### Task instructions:
Would you repeat the whole listing exactly, pictures excluded?

### Data segment:

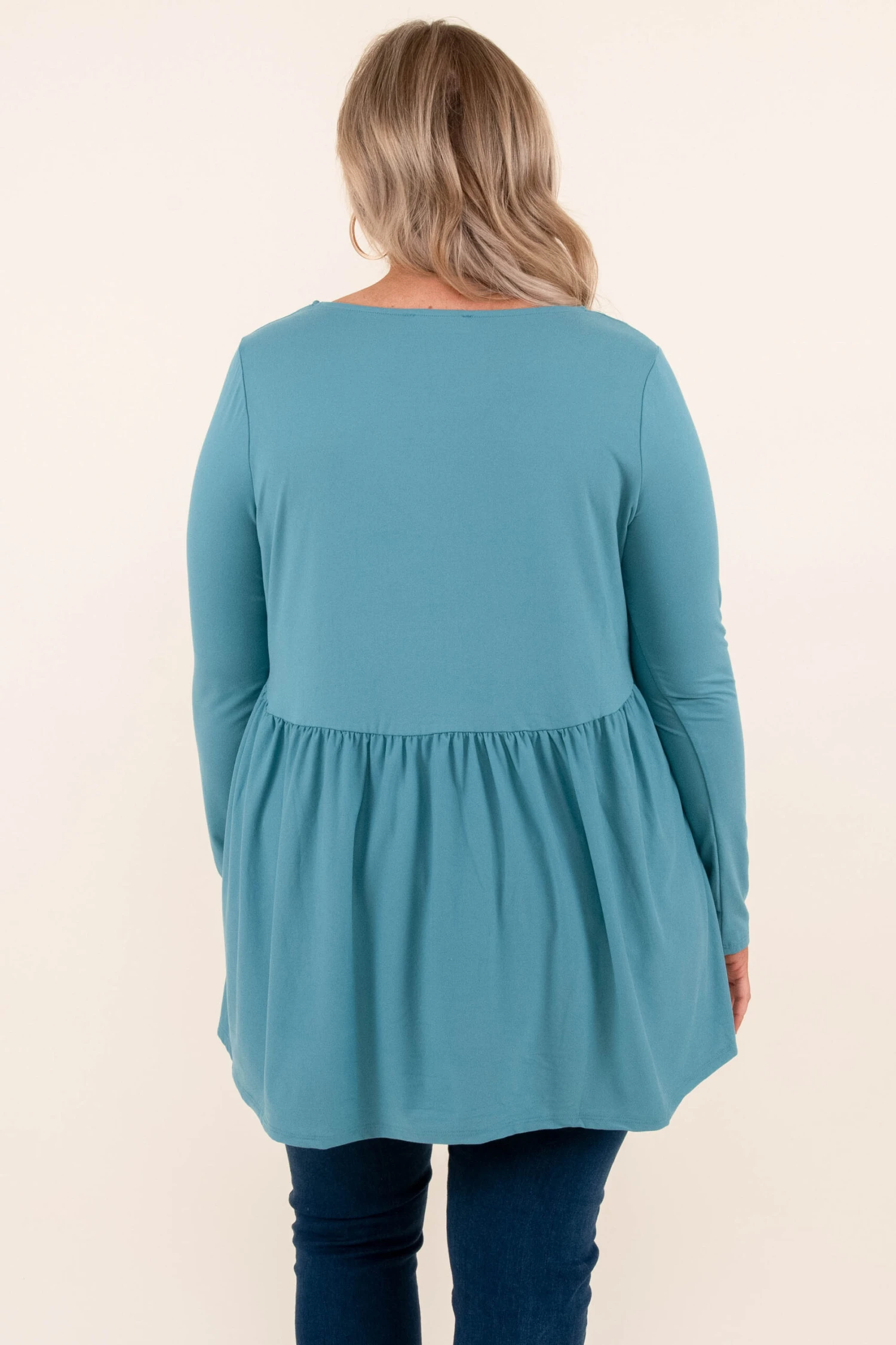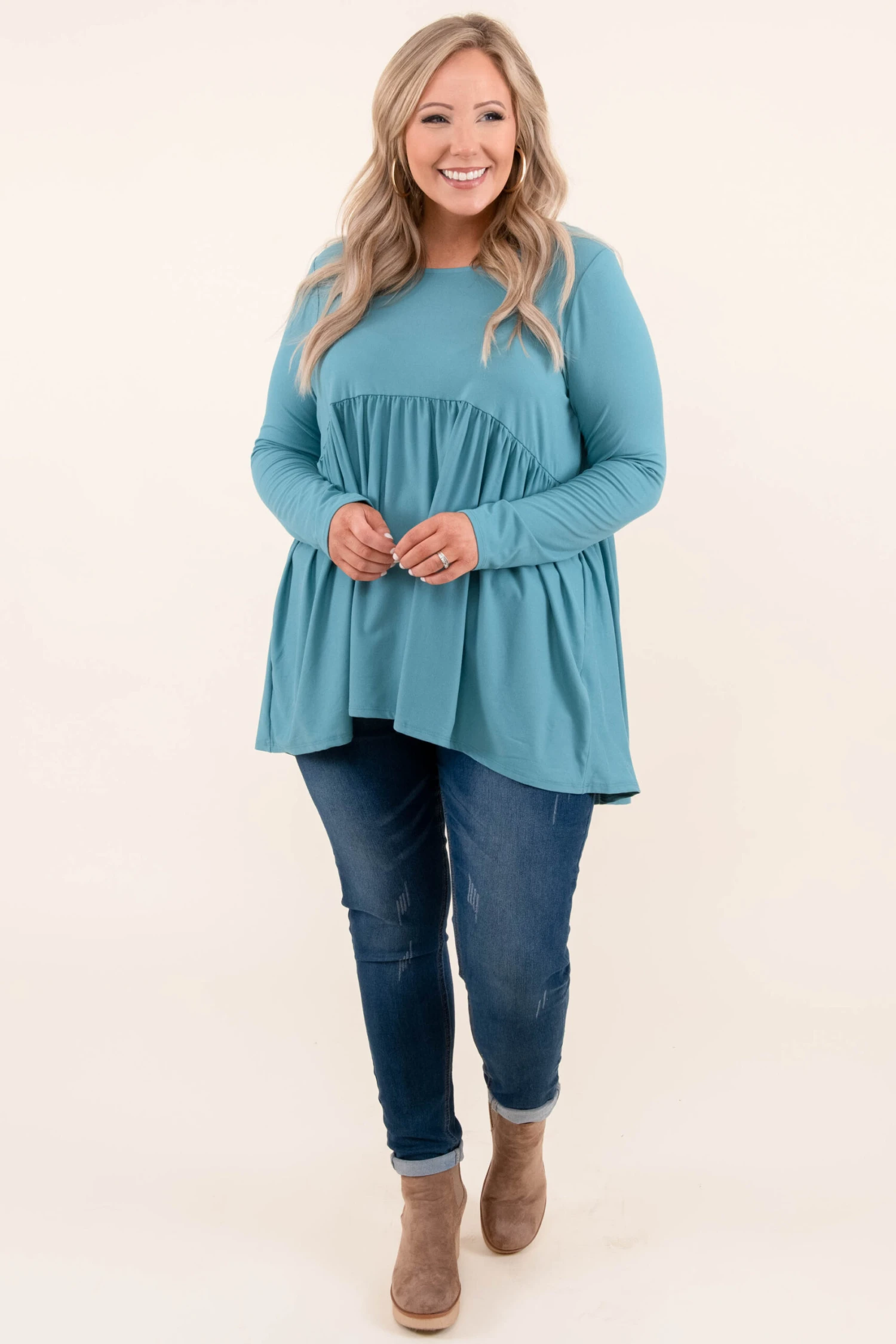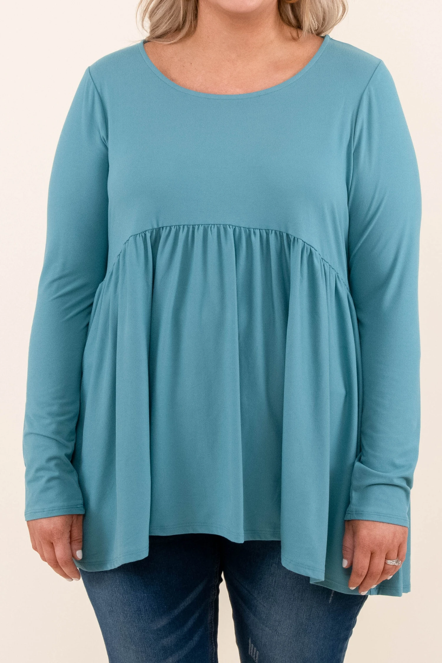 All you need is this adorable, dusty teal top! It is super soft and features a babydoll fit that will flatter your figure, perfect for all day wear! You can throw this on under any jacket or cardigan with booties for a cool weather style!
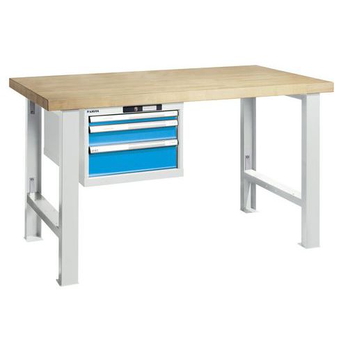 Tartós bükkfa munkalap. Acélszerkezet, porfestéssel kezelve. Nagy stabilitás és teherbírás akár 600 vagy 1500 kg-ig. Fiók teherbírása 75 kg
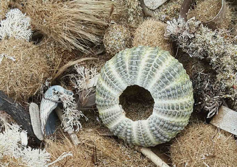 Il riccio di mare, un echinoderma, quando perde gli aculei mostra la tipiche striature sull'esoscheletro. La simmetria è pentaraggiata come un altro echinoderma: la stella marina. Foto di Patrizio Demartis

### Answer to this task:
 All you need is this adorable, dusty teal top! It is super soft and features a babydoll fit that will flatter your figure, perfect for all day wear! You can throw this on under any jacket or cardigan with booties for a cool weather style!
 Tartós bükkfa munkalap. Acélszerkezet, porfestéssel kezelve. Nagy stabilitás és teherbírás akár 600 vagy 1500 kg-ig. Fiók teherbírása 75 kg
 Il riccio di mare, un echinoderma, quando perde gli aculei mostra la tipiche striature sull'esoscheletro. La simmetria è pentaraggiata come un altro echinoderma: la stella marina. Foto di Patrizio Demartis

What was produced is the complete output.